| PROBLEM REQUIREMENTS |
Pictures in the data below are not part of the copy; transcribe everything else exactly.

| GIVEN INFORMATION |
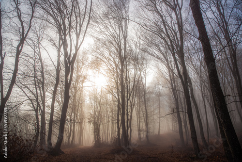 © Melinda Nagy, Fototapeta premium foggy forest in late autumn
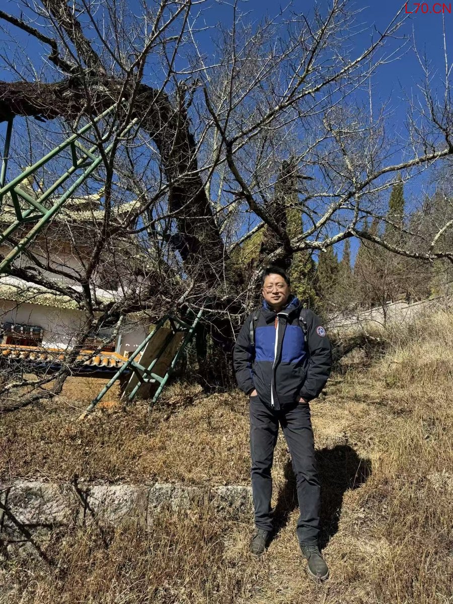 总导演黄瀛灏站在云南宁蒗县扎美寺的元朝梅树前,这棵古梅已有700多年树龄
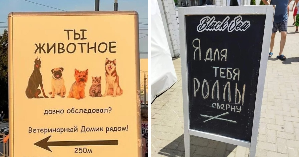 Долой скучные вывески и банальные названия! Что интересного в автосервисе «Автосервис» или в булочной «Булочная»? Никакой оригинальности! Но сегодня мы собрали для вас примеры божественного маркетинга, который находится где-то на грани гениальности и безумия. Такие шедевры уж точно не останутся незамеченными. Убедитесь сами! Это не первый салон с таким названием, есть ещё вариант с русскими буквами. Вы можете найти его и другие забавные вывески в этой подборке. Где справедливость? Почему для инопланетян алоэ ускоряет телепортацию, а для землян это просто витамины( А здесь вы можете найти ещё одну подборку забавных маркетинговых решений.
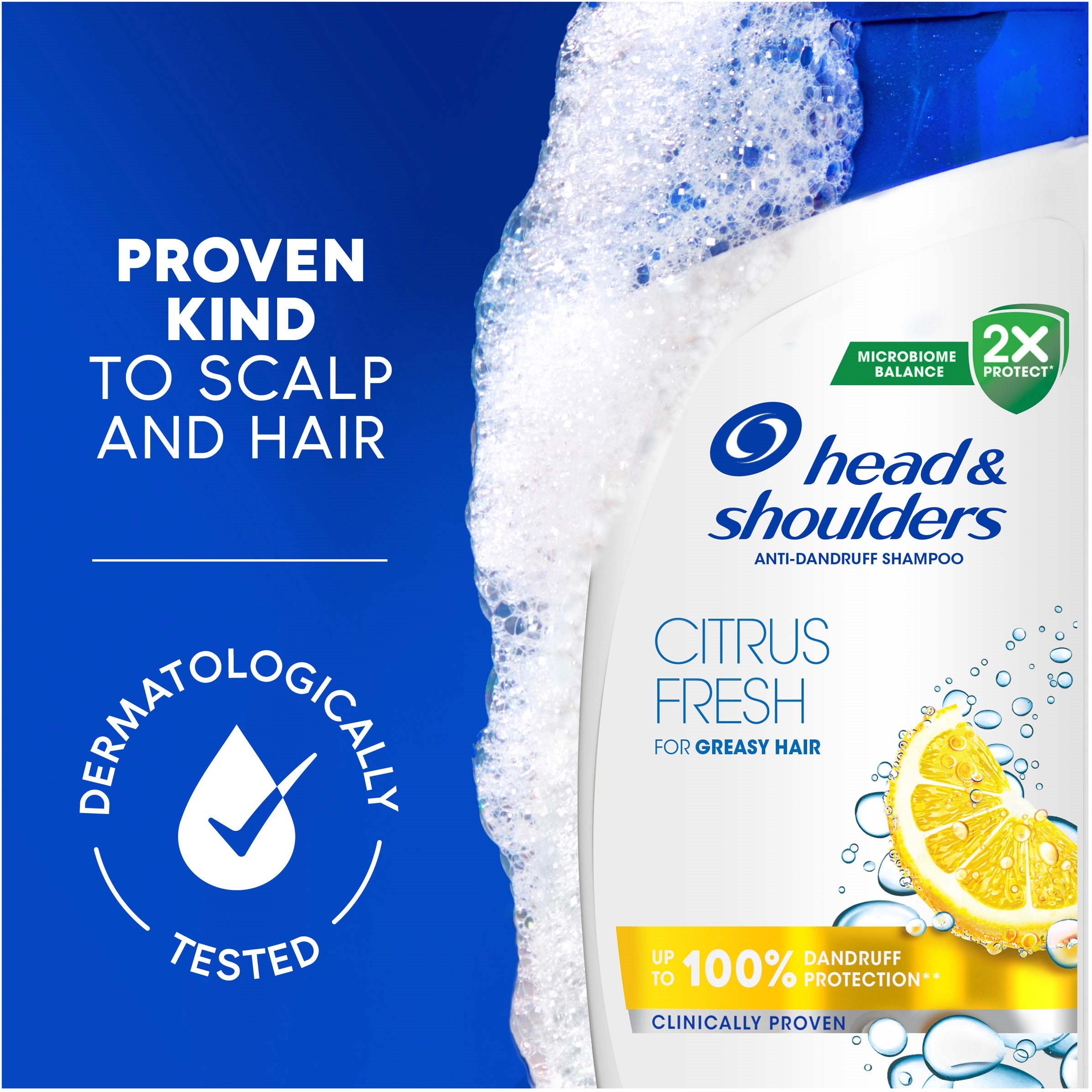 Szampon przeciwłupieżowy Head & Shoulders Citrus Fresh do włosów przetłuszczających się skutecznie zwalcza uporczywy łupież. To szampon do codziennego stosowania, idealny zarówno dla mężczyzn, jak i kobiet, o orzeźwiającym zapachu cytrusów i formule, która równoważy mikrobiom, działając na podstawową przyczynę łupieżu i utrzymując równowagę mikrobiomu w skórze głowy. Działa zarówno na widoczny, jak i niewidoczny łupież, uwalniając dwa razy więcej składników ochronnych, które wnikają w pory, aby ostatecznie zapobiec powrotowi uciążliwego łupieżu. Posiada klinicznie udowodnioną, dermatologicznie przetestowaną i zrównoważoną pod względem pH formułę, która sprawia, że skóra głowy i włosy są czyste i świeże.SKUTECZNA OCHRONA PRZED ŁUPIEŻEM I PREWENCJA. Do 100% ochrony przed łupieżem*, klinicznie udowodnione *widoczne płatki, przy regularnym stosowaniuSTOSUJ CODZIENNIE DLA NAJLEPSZYCH WYNIKÓW Myj włosy po myciu, poprawia to nawilżenie skóry głowy, jednocześnie redukując problemy ze skórą głowy i uwalniając ją oraz włosy od płatkówFORMUŁA RÓWNOWAŻĄCA MIKROBIOM działa na podstawową przyczynę łupieżu, utrzymując odpowiednie pH i równowagę mikrobiomu w skórze głowy DERMATOLOGICZNIE PRZETESTOWANY Idealny szampon na co dzień dla mężczyzn i kobiet, do wszystkich typów włosów i skóry głowyOPAKOWANIE Z RECYKLINGU Całkowicie nadająca się do recyklingu butelka, wykonana w 100% z recyklingowanego plastiku (z wyjątkiem nakrętki, barwników i dodatków)

| REPLY TO THE EXERCISE |
 © Melinda Nagy, Fototapeta premium foggy forest in late autumn
 总导演黄瀛灏站在云南宁蒗县扎美寺的元朝梅树前,这棵古梅已有700多年树龄
 Долой скучные вывески и банальные названия! Что интересного в автосервисе «Автосервис» или в булочной «Булочная»? Никакой оригинальности! Но сегодня мы собрали для вас примеры божественного маркетинга, который находится где-то на грани гениальности и безумия. Такие шедевры уж точно не останутся незамеченными. Убедитесь сами! Это не первый салон с таким названием, есть ещё вариант с русскими буквами. Вы можете найти его и другие забавные вывески в этой подборке. Где справедливость? Почему для инопланетян алоэ ускоряет телепортацию, а для землян это просто витамины( А здесь вы можете найти ещё одну подборку забавных маркетинговых решений.
 Szampon przeciwłupieżowy Head & Shoulders Citrus Fresh do włosów przetłuszczających się skutecznie zwalcza uporczywy łupież. To szampon do codziennego stosowania, idealny zarówno dla mężczyzn, jak i kobiet, o orzeźwiającym zapachu cytrusów i formule, która równoważy mikrobiom, działając na podstawową przyczynę łupieżu i utrzymując równowagę mikrobiomu w skórze głowy. Działa zarówno na widoczny, jak i niewidoczny łupież, uwalniając dwa razy więcej składników ochronnych, które wnikają w pory, aby ostatecznie zapobiec powrotowi uciążliwego łupieżu. Posiada klinicznie udowodnioną, dermatologicznie przetestowaną i zrównoważoną pod względem pH formułę, która sprawia, że skóra głowy i włosy są czyste i świeże.SKUTECZNA OCHRONA PRZED ŁUPIEŻEM I PREWENCJA. Do 100% ochrony przed łupieżem*, klinicznie udowodnione *widoczne płatki, przy regularnym stosowaniuSTOSUJ CODZIENNIE DLA NAJLEPSZYCH WYNIKÓW Myj włosy po myciu, poprawia to nawilżenie skóry głowy, jednocześnie redukując problemy ze skórą głowy i uwalniając ją oraz włosy od płatkówFORMUŁA RÓWNOWAŻĄCA MIKROBIOM działa na podstawową przyczynę łupieżu, utrzymując odpowiednie pH i równowagę mikrobiomu w skórze głowy DERMATOLOGICZNIE PRZETESTOWANY Idealny szampon na co dzień dla mężczyzn i kobiet, do wszystkich typów włosów i skóry głowyOPAKOWANIE Z RECYKLINGU Całkowicie nadająca się do recyklingu butelka, wykonana w 100% z recyklingowanego plastiku (z wyjątkiem nakrętki, barwników i dodatków)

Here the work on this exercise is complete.